Besides, adjust usage_match() and usage_acculumate() to recursive read
lock changes.

Signed-off-by: Boqun Feng <boqun.feng@gmail.com>
---
 kernel/locking/lockdep.c | 183 +++++++++++++++++++++++++++++----------
 1 file changed, 138 insertions(+), 45 deletions(-)

diff --git a/kernel/locking/lockdep.c b/kernel/locking/lockdep.c
index 85a4d3539faa..040509667798 100644
--- a/kernel/locking/lockdep.c
+++ b/kernel/locking/lockdep.c
@@ -2100,22 +2100,72 @@ check_redundant(struct held_lock *src, struct held_lock *target)
 
 #ifdef CONFIG_TRACE_IRQFLAGS
 
+/*
+ * Forwards and backwards subgraph searching, for the purposes of
+ * proving that two subgraphs can be connected by a new dependency
+ * without creating any illegal irq-safe -> irq-unsafe lock dependency.
+ *
+ * A irq safe->unsafe deadlock happens with the following conditions:
+ *
+ * 1) We have a strong dependency path A -> ... -> B
+ *
+ * 2) and we have ENABLED_IRQ usage of B and USED_IN_IRQ usage of A, therefore
+ *    irq can create a new dependency B -> A (consider the case that a holder
+ *    of B gets interrupted by an irq whose handler will try to acquire A).
+ *
+ * 3) the dependency circle A -> ... -> B -> A we get from 1) and 2) is a
+ *    strong circle:
+ *
+ *      For the usage bits of B:
+ *        a) if A -> B is -(*N)->, then B -> A could be any type, so any
+ *           ENABLED_IRQ usage suffices.

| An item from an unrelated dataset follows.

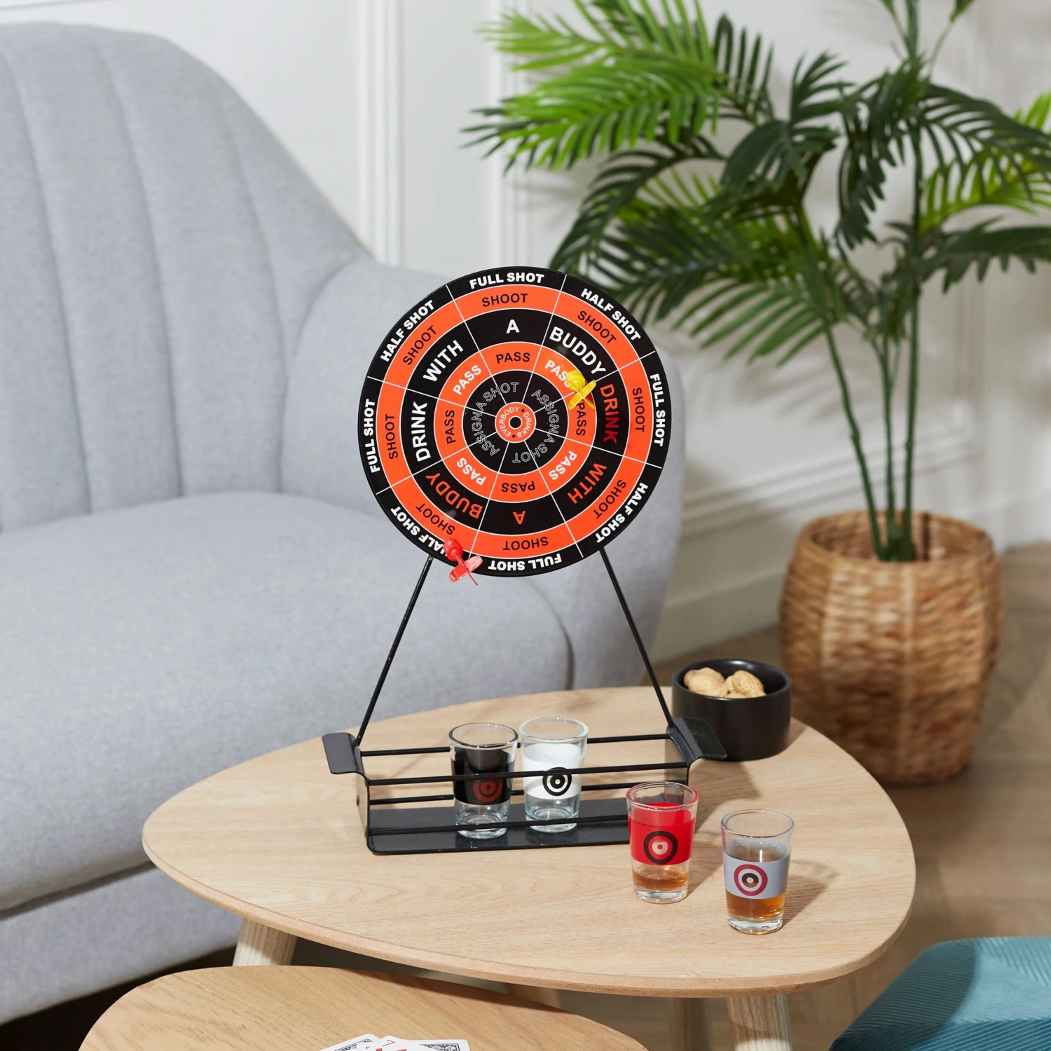 Ce jeu de flèchettes devrait vous motiver pour bien viser : atteignez le centre de la cible et c’est la tournée générale ! Chaque zone de la cible correspond à un gage : boire un demi-verre, un verre entier, boire avec un ami… Jouez avec modération… l’abus d’alcool est dangereux pour la santé.

+ *        b) if A -> B is -(*R)->, then B -> A must be -(E*)->, so only
+ *           ENABLED_IRQ_*_READ usage suffices.
+ *
+ *      For the usage bits of A:
+ *        c) if A -> B is -(E*)->, then B -> A could be any type, so any
+ *           USED_IN_IRQ usage suffices.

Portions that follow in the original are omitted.